Two studies in the journal Science demonstrated that genes in the hypoxia-inducible factor (HIF) oxygen signaling pathway have undergone strong, recent positive selection in Tibetan highlanders. One study was a genome-wide scan using SNP arrays; the other a large-scale exome sequencing effort. The exome study was particularly interesting; using the Nimblegen 2.1M exon capture array and Illumina GAIIx instruments, Yi et al sequenced the exons of nearly 20,000 genes (92% of CCDS) in 50 unrelated Tibetans.

Exome Sequencing Summary

To my knowledge, this represents the largest published study of human exome sequencing to date. The main text in the report to Science was necessarily brief, so I used the supplemental materials to glean the following information:

Genes Targeted:	18,654
Total Target Size:	34 Mbp
Number of Samples:	50
Data per Sample:	3.4 Gbp
Avg. Read Length:	71 bp
Reads per Sample:	47.87 m
Map Rate (SOAPaligner):	67.79%
Mapped Reads per Sample:	32.45 m
On Target (+/- 500 bp):	68.1%
Avg. Target Depth:	17.58x
Avg. Target Breadth:	95.48%

The production numbers are consistent with a single lane of 2×75 bp reads (3.4 Gbp) per exome. The low mapping rate (68%) is slightly alarming, but I’d guess (hope) that only uniquely mapped reads are counted here. The on-target mapping rate, a measure of capture specificity, was 68%, well within the expected enrichment of large-scale capture technologies.
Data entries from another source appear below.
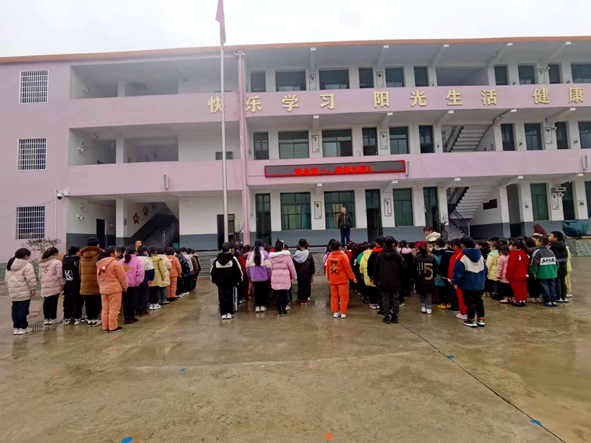 本网讯 2月7日上午,渠江镇晏家学校举行新学期首次升旗仪式,并采取国旗下讲话的形式强调校园安全,落实教育局“开学安全第一课”。
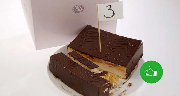 Гуральник: Номер три — форма квадратная, но сверху есть какой-то уже, так сказать, лебедь. Шоколадная глазурь на внешний вид тоже неплохая. Заглазировано хорошо, ровно, аккуратно. (Режет.) О, как много тут глазури. Сдобно-сбивной полуфабрикат на месте. Но в суфле пористости меньше, очень слабенькая масса. Может, оттого, что ее здесь много, ее недоварили.
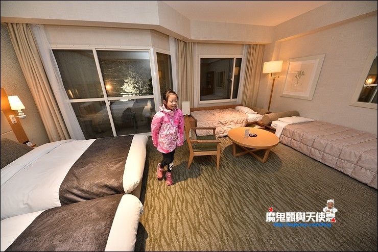 裏磐梯GRANDECO東急飯店的房間寬敞舒適,我們入住的是38平米的房型,共兩張小床,最多可以加兩張床住到四人,小客廳空間超大(要打開兩個29吋行李箱都是小case),因為每天滑雪手套都會溼,後來我們乾脆把手套都攤在地上共八隻也不會踩到XD
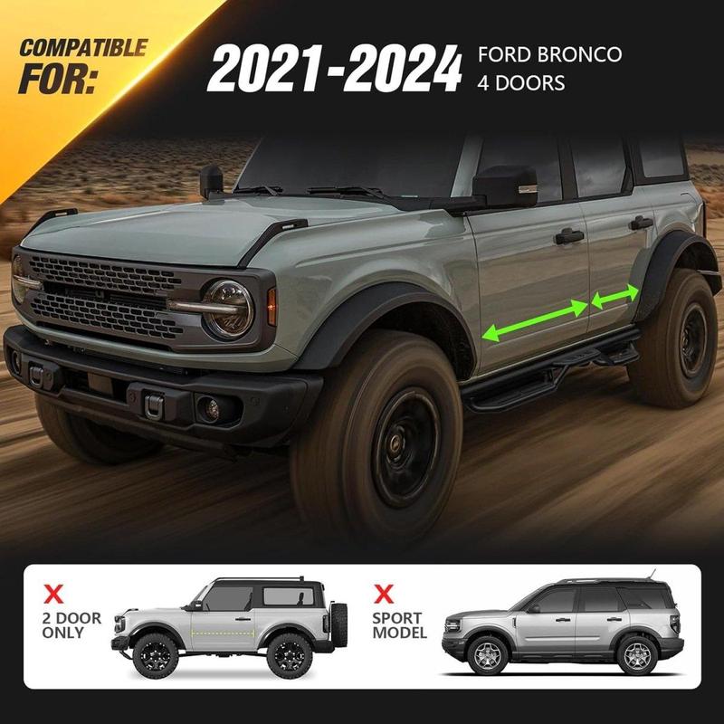 【Compatibility】: EYOUHZ Two Stairs Design Running Boards are compatible with 2021 2022 2023 2024 2025 2026 Ford Bronco 4 Doors (Not for Sport Model). Please verify the product's fitment with your vehicle before completing your purchase.
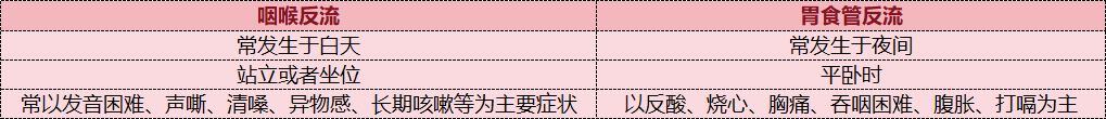 需要注意的是,咽喉反流还有一个近亲叫胃食管反流,两者很容易被混淆,但它们却是两种不同的疾病;我们可以通过对比,更好地认识咽喉反流这种疾病。

Highly Variable Coverage Across Samples

I do feel obligated to point out that while the average target depth was 18x, which seems appropriate for variant calling, the actual target depth varies widely across the 50 samples. Here’s my plot of target coverage breadth (% of bases) by average target depth (redundancy) using data from supplemental table 1:

bgi-50exomes-st1-breadthbydepth

Almost every sample reaches 90% coverage breadth, but 7 of them have less than 10x coverage on average. This will undoubtedly affect the ability to call variants accurately, though only a statistician might be able to extrapolate the effects of such variable coverage on the study’s outcome.

Searching for Selection

To look for evidence of positive selection for altitude, they compared SNP allele frequencies to between Tibetans and 40 Han Chinese whose genomes were sequenced to low (4x) coverage as part of the 1,000 Genomes Project. About 100,000 high-confidence SNPs (>99% probability) were called in the Tibetan samples. A subset (53/56) were validated by Sanger sequencing, suggesting that ~95% of sites are valid polymorphisms. Allele frequency estimates showed an excess of low-frequency variants, particularly among nonsynonymous SNPs.

Using synonymous sites in both populations, the population historical modeling estimated that Tibetans and Han Chinese diverged 2,750 years ago, with Han expanding from a small initial population, and Tibetans shrinking from a larger ones. Migrational evidence suggests that Han Chinese migrated from the Tibetan region, with recent admixture in the opposite direction.

Exon Targets, Intron Findings

Intriguingly, though the “exome” sequencing strategy focused on coding regions, no amino-acid changing variants differed by more than 6% between Han and Tibetan populations. Fortunately, hybrid selection (capture) also captures some of the noncoding regions that flank target exons. This happens because randomly sheared DNA fragments (200-250 bp) may overlap both exon and intron sequence, yet still have enough sequence overlapping a probe to be captured. This creates a “shoulder” of coverage upstream and downstream of target exons, often in intronic or UTR sequences.

This side-benefit of exome capture proved serendipitous because intronic sequences harbored the most divergent SNP between Han (9% frequency) and Tibetan (87% frequency) populations. The gene in question was endothelial PAS-domain protein 1 (EPAS1), also known as hypoxia-inducible factor 2-alpha (HIF2A). Hypoxia in the name of a candidate gene for high altitude adaptation was a good sign. A protein-stabilizing mutation in EPAS1 had already been linked to erythrocytosis, suggesting a possible link between this gene and red blood cell production.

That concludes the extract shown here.